---- DATASET SECTION
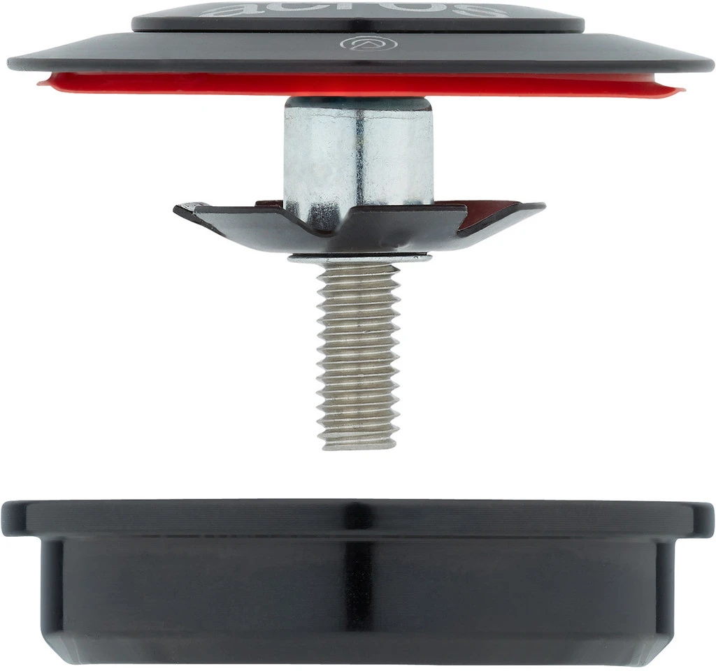 Das ZS44/28,6 Steuersatz Oberteil von Acros mit semi-integrierter Bauart für 1 1/8″ Steuerrohre und gerade Standard- oder Tapered-Gabelschäfte ist ein Rundum-sorglos-Produkt: Es überzeugt mit doppelt gedichteten Schrägkugellagern aus Edelstahl, optimiertem Steuersatzfett und zusätzlichen Dichtungen.
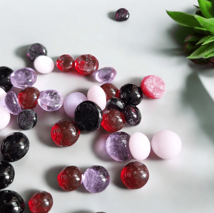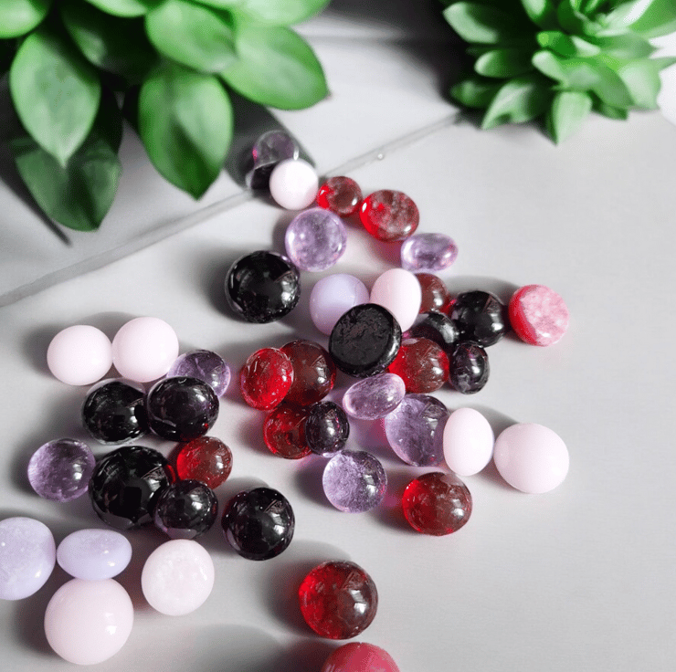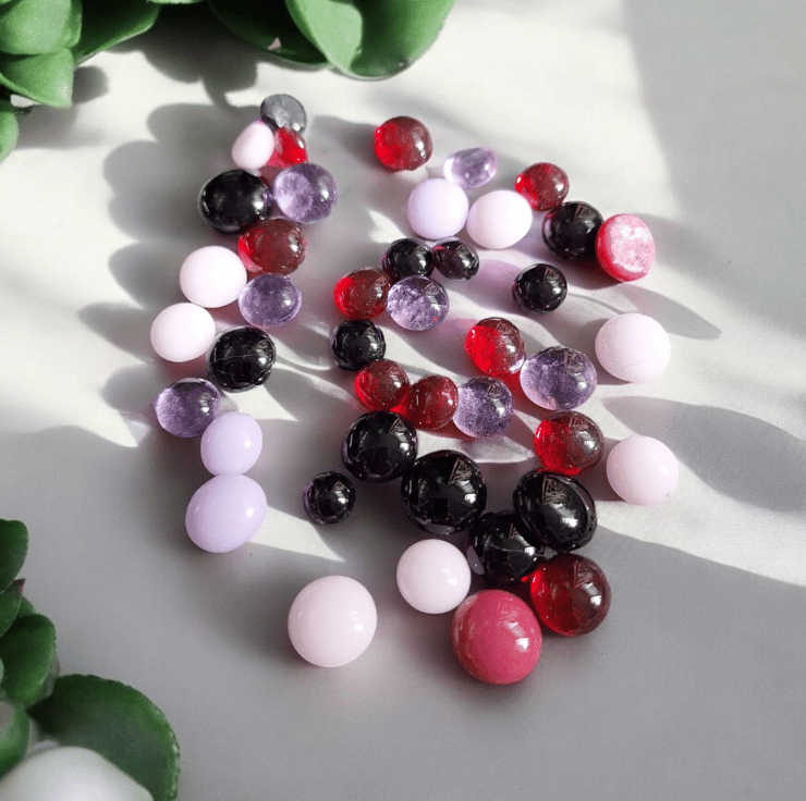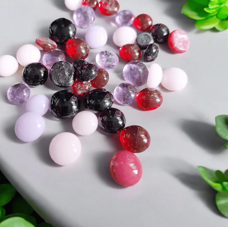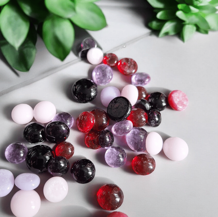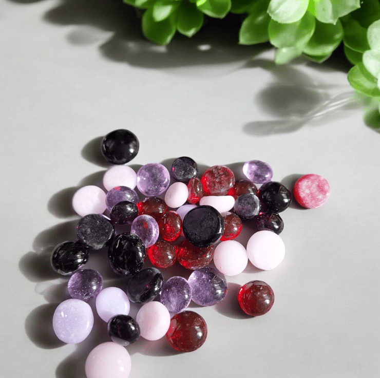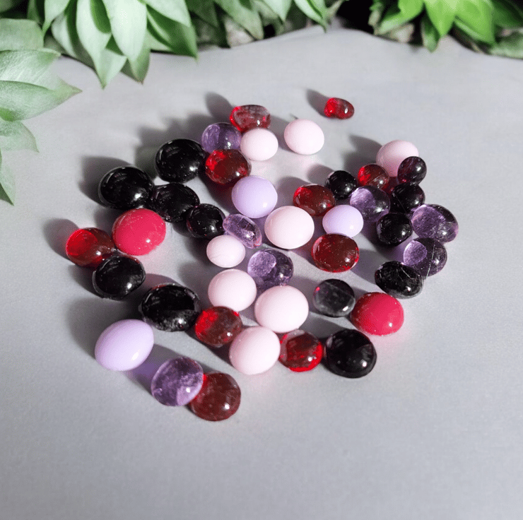 Each batch is random, offering a surprise mix of beautiful hues. There are both transparent and opal beads. These dots and cabochons are an eco-friendly choice, made using leftover kiln-fused glass to minimise waste.
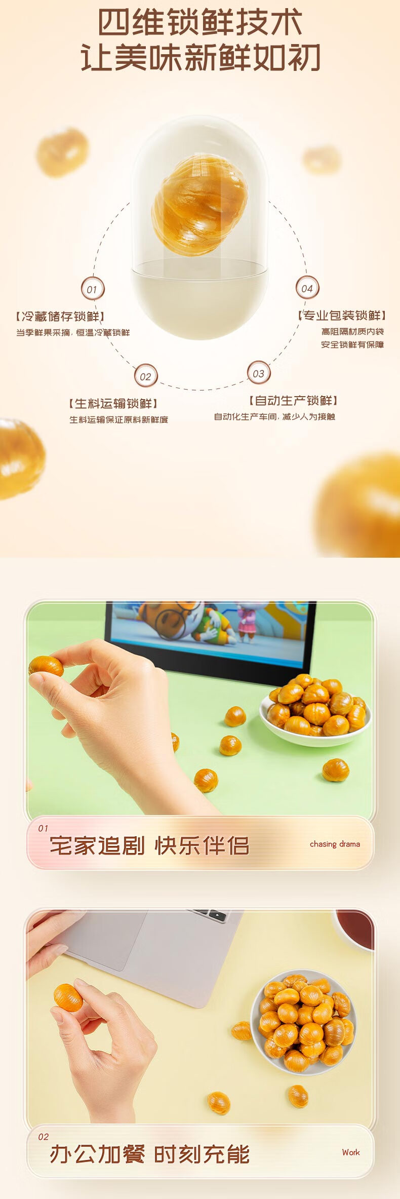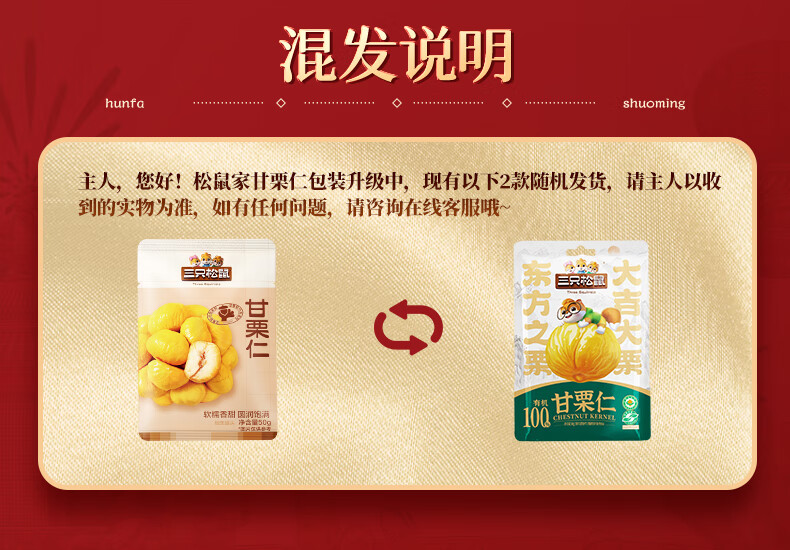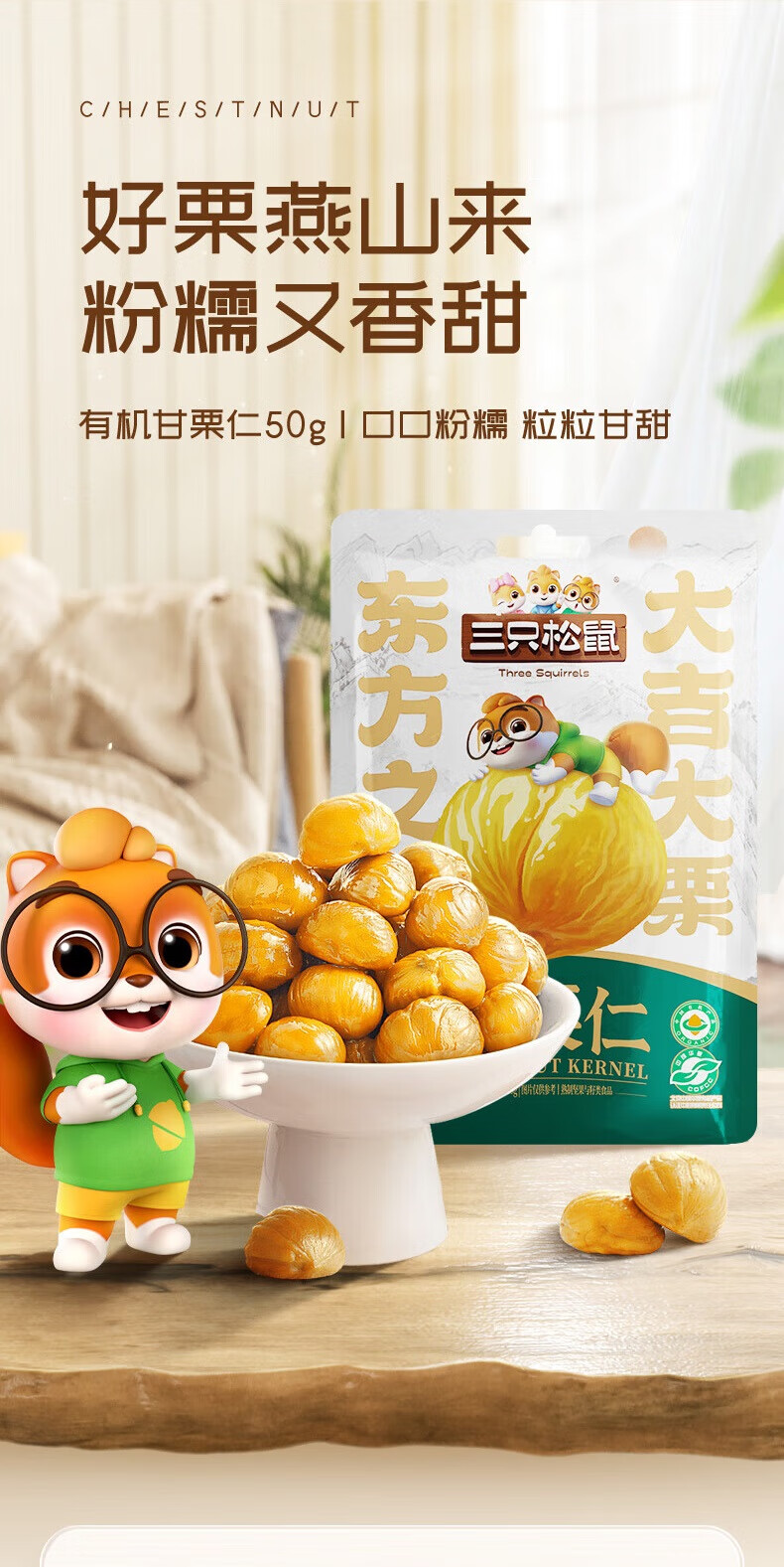三只松鼠甘栗仁50g*4袋 坚果炒货果仁休闲零食品栗子板栗
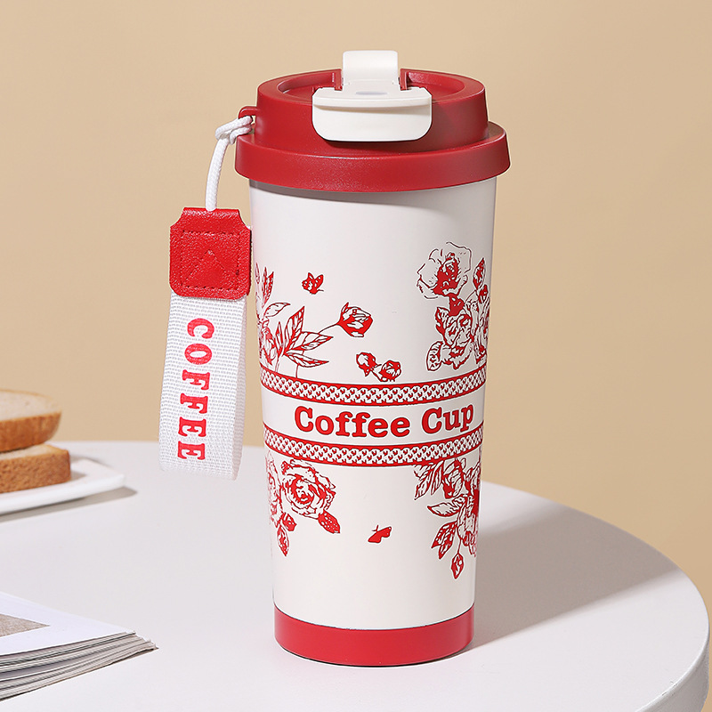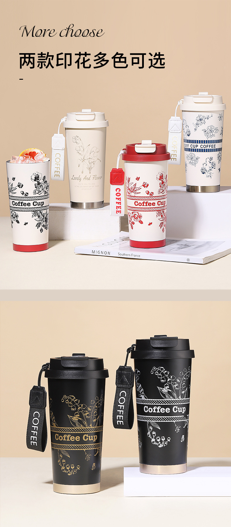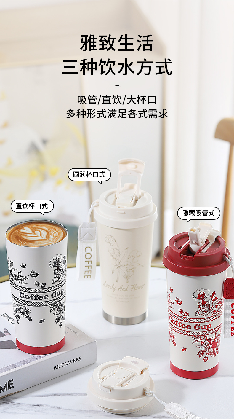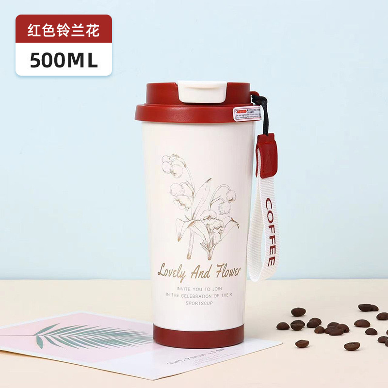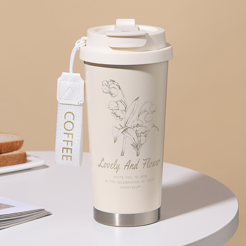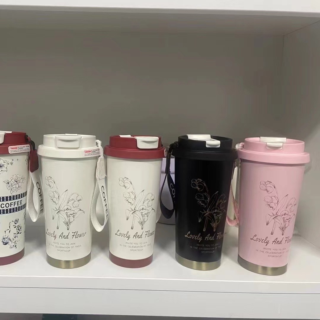 계곡 자동차 보온병 컵 밀짚 컵의 휴대용 304 스테인리스 물 컵 백합 소녀를위한 고가의 이중 음료 커피 컵
--------
**ACTIVITY:** Your reply should consist solely of the lines from the one containing "三只松鼠甘栗仁50g*4袋 坚果炒货果仁休闲零食品栗子板栗" through the last line of the material, reproduced exactly and without pictures.

**EXERCISE ANSWER:**
三只松鼠甘栗仁50g*4袋 坚果炒货果仁休闲零食品栗子板栗
 계곡 자동차 보온병 컵 밀짚 컵의 휴대용 304 스테인리스 물 컵 백합 소녀를위한 고가의 이중 음료 커피 컵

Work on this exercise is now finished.